Eis o texto do Mauro Santayana:
No ‘Ensaio para uma teoria do Brasil’, publicado em 1966 – e agora reproduzido em livro (Comunidade brasileira e outros ensaios, Editora da Fundação Alexandre de Gusmão, 2009), o filósofo Agostinho da Silva fez correção dialética à ideia de que o Brasil é o país do futuro. O pensador português, que aqui viveu muitos anos, mostra que a profecia antiga partia da suposição de que esse futuro seria atingir os módulos de civilização dos países ricos e centrais. Agostinho pensava o contrário. Já então, ele entendia que a civilização europeia, com sua projeção atlântica, entrara em decadência. O Brasil é, sim, o país do futuro, mas do futuro que a sua sociedade criará, com liberdade, tolerância e fraternidade.

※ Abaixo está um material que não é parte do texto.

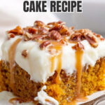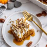 Pumpkin Poke Cake with Caramel, Cream Cheese Frosting, and Pecans Recipe

“O que nos interessa, agora, é realmente o problema do Brasil e da sua capacidade de liderar o futuro humano, quando se desembaraçar de tudo quanto lhe foi inútil na educação europeia e exercer, com o esplendor e a vigorosa força de criação que pode demonstrar, as suas capacidades de simpatia humana, de imaginação artística, de sincretismo religioso, de calma aceitação do destino, da inteligência psicológica, de ironia, de apetência de viver, de sentido da contemplação e do tempo” – escreveu há 43 anos. Mesmo sob o látego do golpe militar, essas qualidades plurais do povo brasileiro eram evidentes. Esperava-se – e Agostinho também – que a arbitrariedade seria passageira, e o país retornaria logo à normalidade. Não poderia imaginar que, ao durar tanto, a ditadura deixaria sequelas terríveis na alma nacional.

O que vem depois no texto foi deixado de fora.